- **Aim of the exercise**: Nothing but the pictures may be dropped; the rest of the listing is to be written out exactly.
[Opening Task input section]
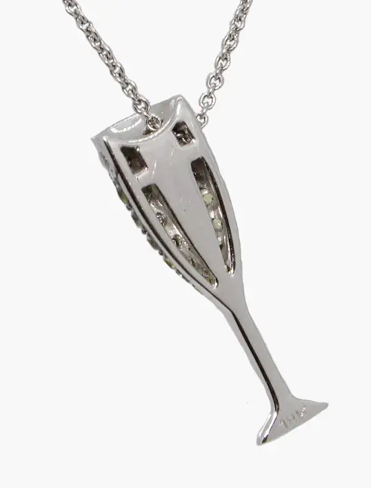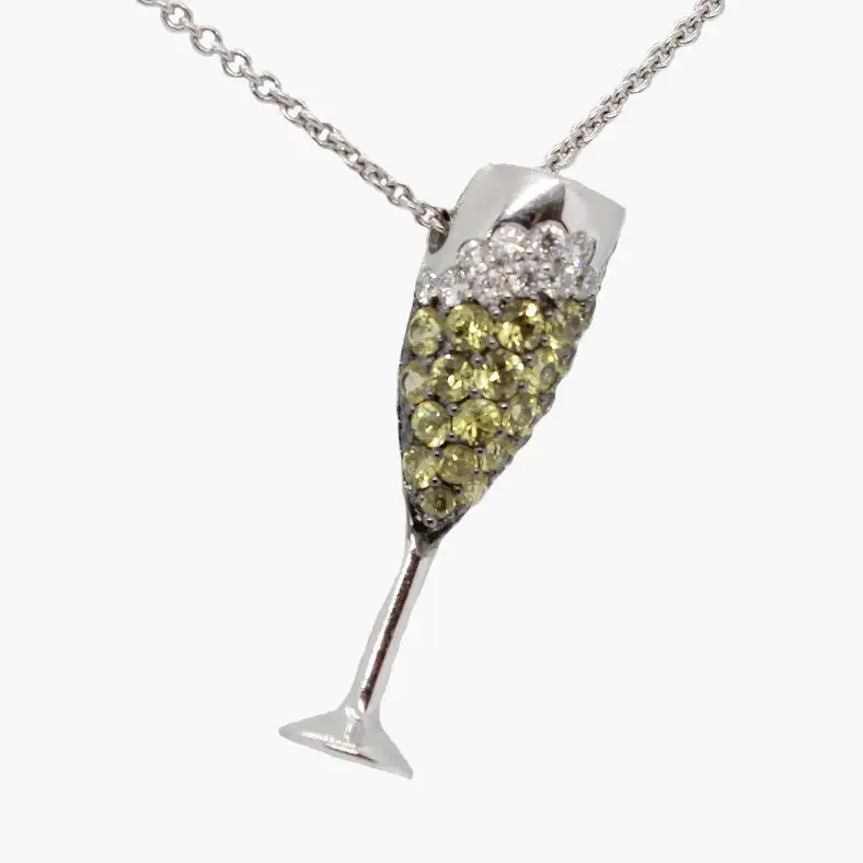 18K White gold Champagne glass pendant with 12 round diamonds totaling .07cttw and round yellow sapphires totaling .35cttw. Champagne glass pendant is 3/4 long. Chain is 17 inches long with an O ring at 16 inches, allowing chain to be worn shorter.
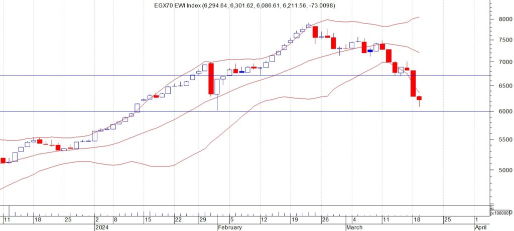 اغلق المؤشر السبعيني عند مستوى 6211 وقد تعرض المؤشر لموجه شديدة من جني الارباح افقدته منطقة ال 7100 ليحقق اقل رقم اليوم عند 6086 ثم بدا في الارتداد نتوقع ان يحاول المؤشر الارتداد الى مستوى 6500 – 6700 ثم يعاود الهبوط مرة اخرى مستهدفا 6000 نقطة نتوقع ان يستمر التارجح بين هذه المستويات وتعتبر المقاومة الرئيسية 6700 في حال اختراقها لاعلى بحجم تداول عالي والثبات فوقها فانه ستكون الاشارة لاستمرار الصعود مستهدفين 7100 نقطة وكذلك يعتبر الدعم الاهم هو المنطقة بين 6000 ثم 6200 ننصح باستثمار الفرصة السانحة ويجب الالتزام بنظام حماية الارباح ووقف الخسارة السريع في حال حدوث اي تقلبات بسبب الظروف الحالية.
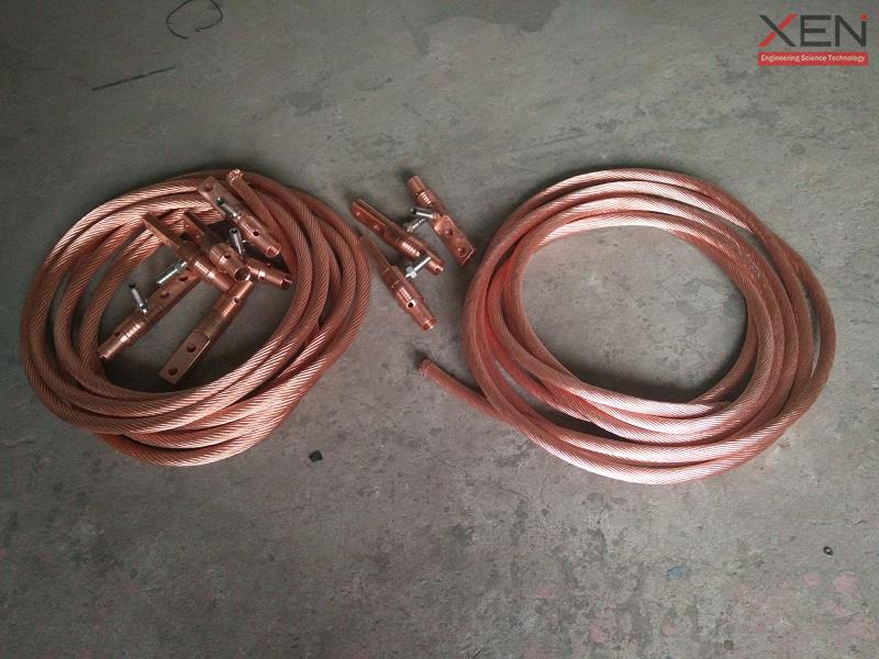 水冷电缆接头:中空通水,用于大电流感应加热设备电容器与负载间,或其他大电流设备的软连接,其主要由电缆头、导线、外套管构成。
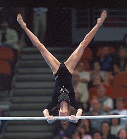 Участница олимпийской сборной России по спортивной гимнастике Светлана Хорхина выполняет упражнения на брусьях во время выступления на XXVII Олимпийских играх.
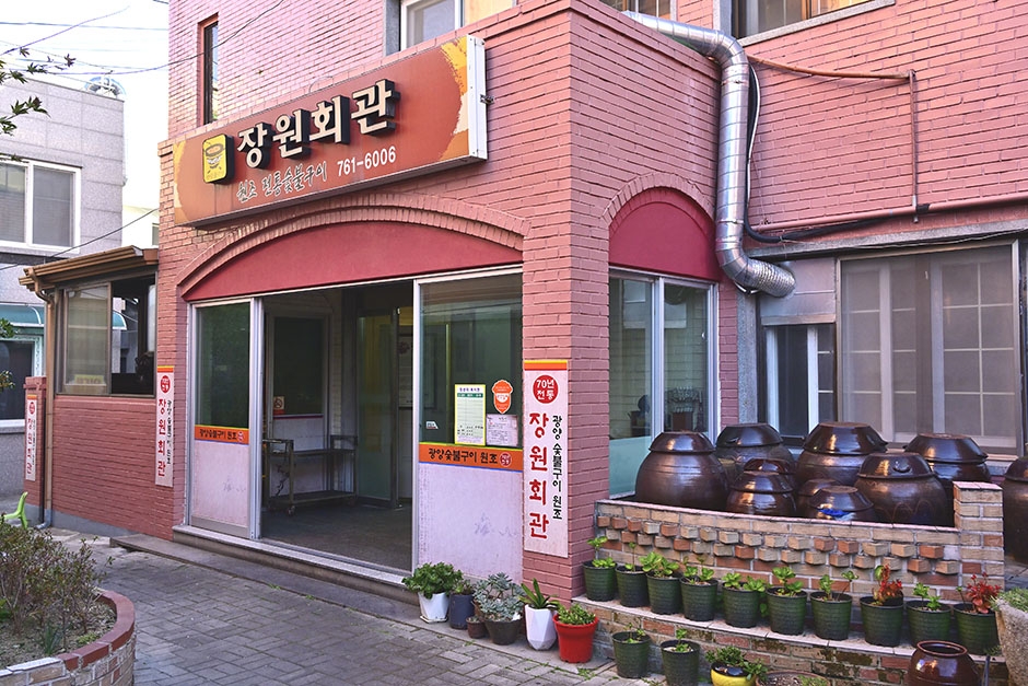 빨간 벽돌 외관의 원조 전통 숯불구이 집이다. 차 한 대가 겨우 다닐 정도의 골목을 지나면 나오는 식당이 바로 장원회관이다. 오랜 전통을 자랑하며 본채와 별채가 따로 있고 본채는 좀 더 프라이빗하게 별채 쪽은 야외 느낌이라 서로 다른 분위기를 자아낸다. 입구부터 달달한 고기 냄새가 맞이해 주는 장원회관은 불고기는 호주산과 국내산 따로 있으며 소특양구이도 있다. 김치와 쌀을 순수 국내산으로 사용하고 있다. 고기를 굽는 석쇠도 화로도 원조 격이라 오랜 세월의 흔적이 그대로 느껴진다.
[Closing Task input section]
- **Exercise answer**:
 18K White gold Champagne glass pendant with 12 round diamonds totaling .07cttw and round yellow sapphires totaling .35cttw. Champagne glass pendant is 3/4 long. Chain is 17 inches long with an O ring at 16 inches, allowing chain to be worn shorter.
 اغلق المؤشر السبعيني عند مستوى 6211 وقد تعرض المؤشر لموجه شديدة من جني الارباح افقدته منطقة ال 7100 ليحقق اقل رقم اليوم عند 6086 ثم بدا في الارتداد نتوقع ان يحاول المؤشر الارتداد الى مستوى 6500 – 6700 ثم يعاود الهبوط مرة اخرى مستهدفا 6000 نقطة نتوقع ان يستمر التارجح بين هذه المستويات وتعتبر المقاومة الرئيسية 6700 في حال اختراقها لاعلى بحجم تداول عالي والثبات فوقها فانه ستكون الاشارة لاستمرار الصعود مستهدفين 7100 نقطة وكذلك يعتبر الدعم الاهم هو المنطقة بين 6000 ثم 6200 ننصح باستثمار الفرصة السانحة ويجب الالتزام بنظام حماية الارباح ووقف الخسارة السريع في حال حدوث اي تقلبات بسبب الظروف الحالية.
 水冷电缆接头:中空通水,用于大电流感应加热设备电容器与负载间,或其他大电流设备的软连接,其主要由电缆头、导线、外套管构成。
 Участница олимпийской сборной России по спортивной гимнастике Светлана Хорхина выполняет упражнения на брусьях во время выступления на XXVII Олимпийских играх.
 빨간 벽돌 외관의 원조 전통 숯불구이 집이다. 차 한 대가 겨우 다닐 정도의 골목을 지나면 나오는 식당이 바로 장원회관이다. 오랜 전통을 자랑하며 본채와 별채가 따로 있고 본채는 좀 더 프라이빗하게 별채 쪽은 야외 느낌이라 서로 다른 분위기를 자아낸다. 입구부터 달달한 고기 냄새가 맞이해 주는 장원회관은 불고기는 호주산과 국내산 따로 있으며 소특양구이도 있다. 김치와 쌀을 순수 국내산으로 사용하고 있다. 고기를 굽는 석쇠도 화로도 원조 격이라 오랜 세월의 흔적이 그대로 느껴진다.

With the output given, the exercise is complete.